5 Better Dates on a Budget
May 13, 2010 by Don't like me? Don't read it.

A lot of men live on a budget. Some even use it as an excuse for not having a chick. But what a lot of them don’t realize is that cheap dates can be more romantic than costly and often painful fine dining experiences. Not to mention, they let you know if she’s a gold digger before you are forced to sell your PS3 to help buy her a summer wardrobe.

1. Instead of taking her to a cliché chain restaurant or god forbid something more indulgent, consider making her dinner yourself. Not only will she think more of you, but this is a great self-esteem booster if you can pull it off. If you don’t have a memorized archive of recipes, get online and find something (make sure to Google easy recipes). Or you can get creative and make your own signature dish — just make sure to test it before you feed it to her. Instead of paying $12-15 per entrée (plus drinks, dessert, AND tip), spend less than $20 and DIY.

2. Going to the movies costs much more money than it’s worth if you go to your typical weekend evening showings. Plus, the movie will probably suck. Instead go during weekday nights or matinees, or better yet, don’t go at all. Movies distract you both from each other and thus are not very romantic. Go to the park on a nice night and watch the stars with your date. Whether you know them or not, point out some constellations and wait for her to be impressed with all your knowledge. As long as she’s not an astronomer, your cover won’t be blown.

3. Another option is going dutch, where each person pays for themselves. This might only be a good choice if you have already proved your generosity and have a decent history. A legit financial crisis should be an acceptable reason not to pay for her. Try not to suggest this too much; being cheap breaks hearts. Then again if you’re dating a fully liberated woman, she’ll probably suggest this first. Make sure to politely refuse in a way that guarantees that she’ll insist on splitting the meal.
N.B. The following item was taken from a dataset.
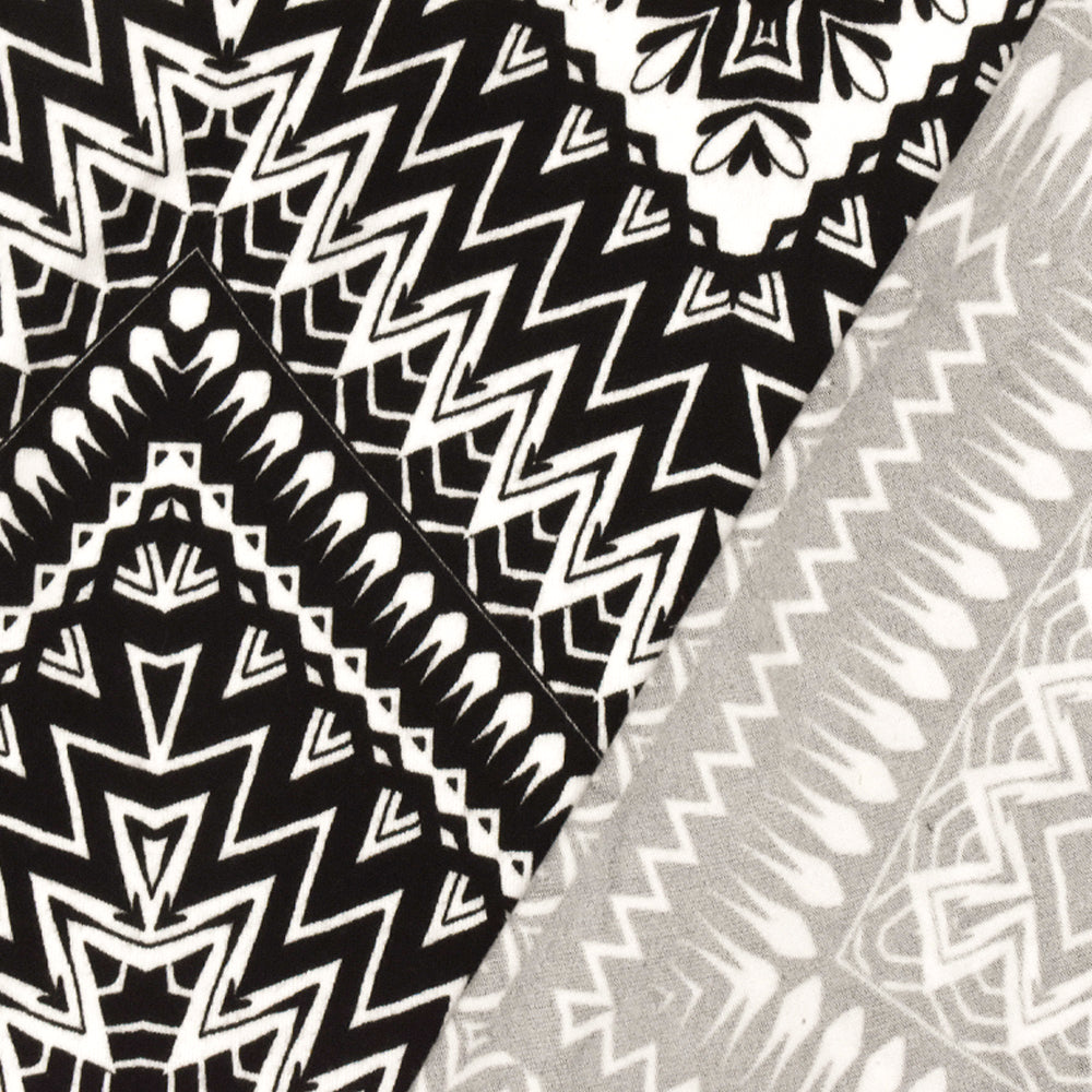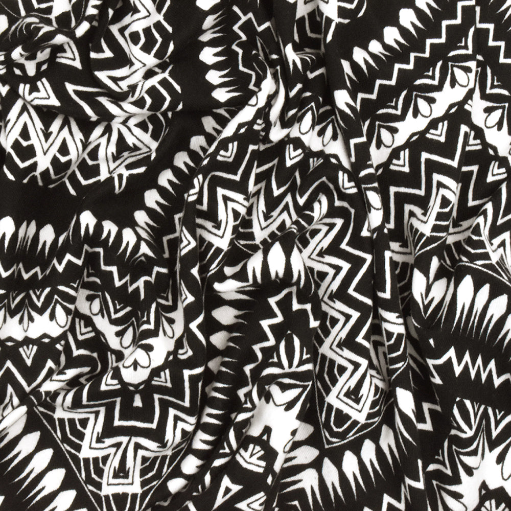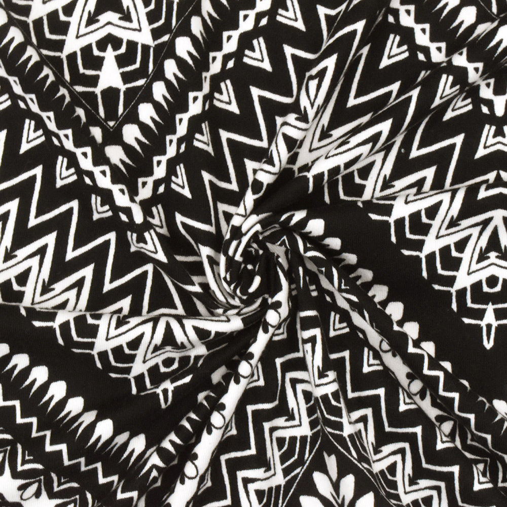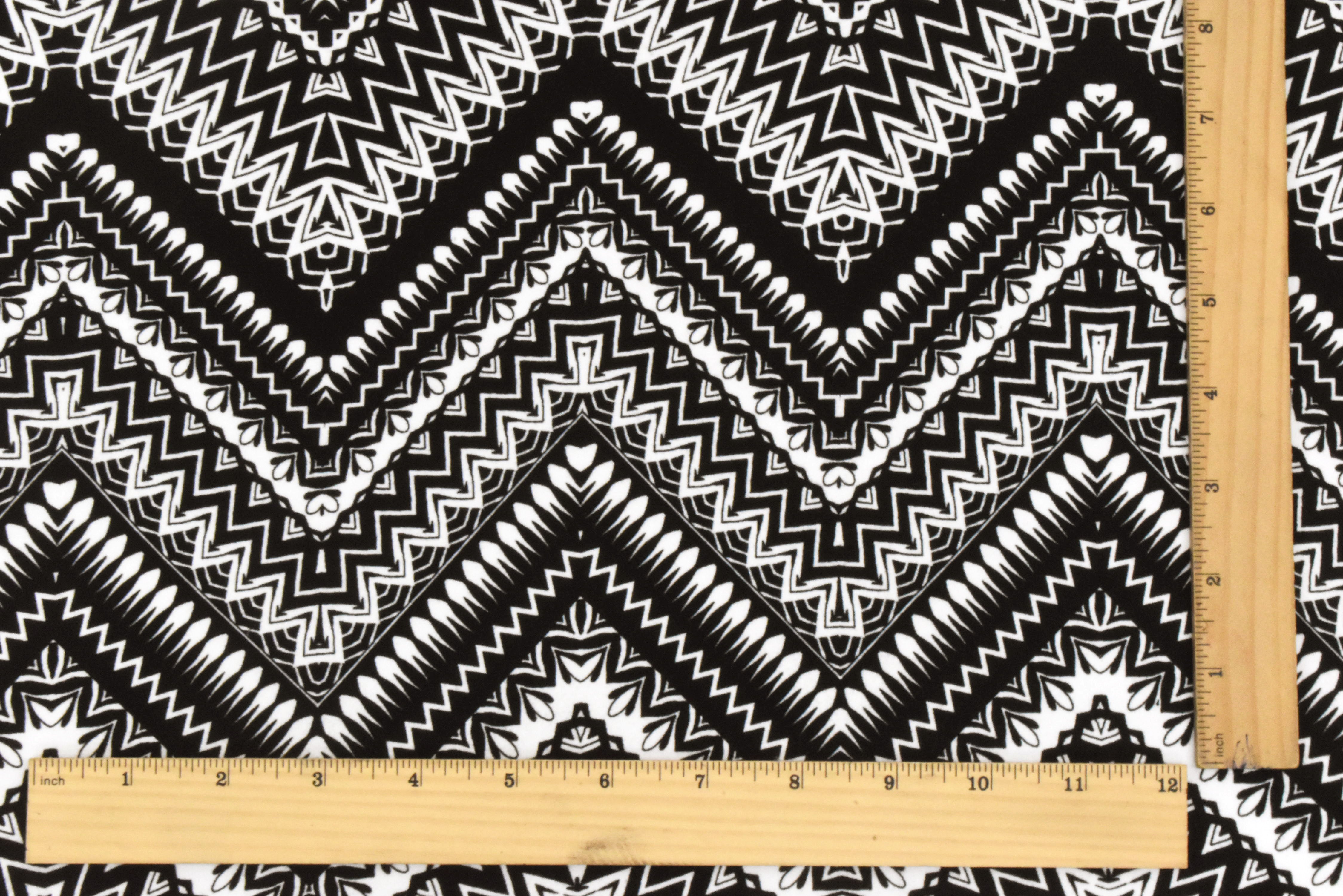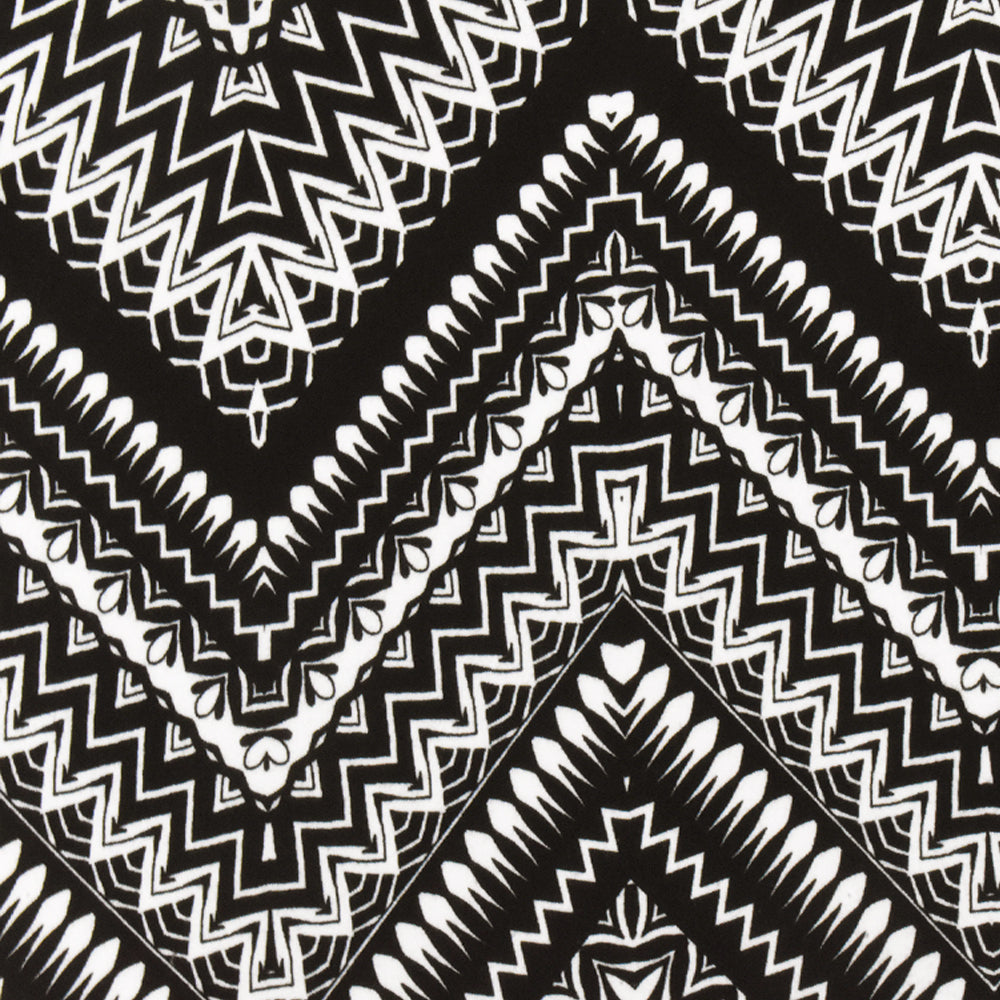Black-White Chevron Pattern Multi Print Double Brush Stretch ITY Fabric

4. Picnics are cheap, fun, and even romantic if done right. Obviously, you’ll need a sunny day. Invite her to your place, make your PB&J sandwiches together, grab a Frisbee, and head off to the park. The best parks are the little-known secrets; they’re big, deserted, and far removed from civilization so the two of you can be alone.

5. If you’re lucky enough to live near a great outdoor hangout like the beach, you should already be taking advantage. It’s the optimal date spot not only because it’s cheap, easy, relaxing, but also because it requires minimal clothing. However, you must be careful not to be suckered into the oh-why-not accommodations that accompany most beaches. You put your brain on vacation and just shuttle out to the nearest sand dune, then realize you don’t have towels, sun tan lotion, or food. Be smart and pack everything you need, or be subject to coastal inflation.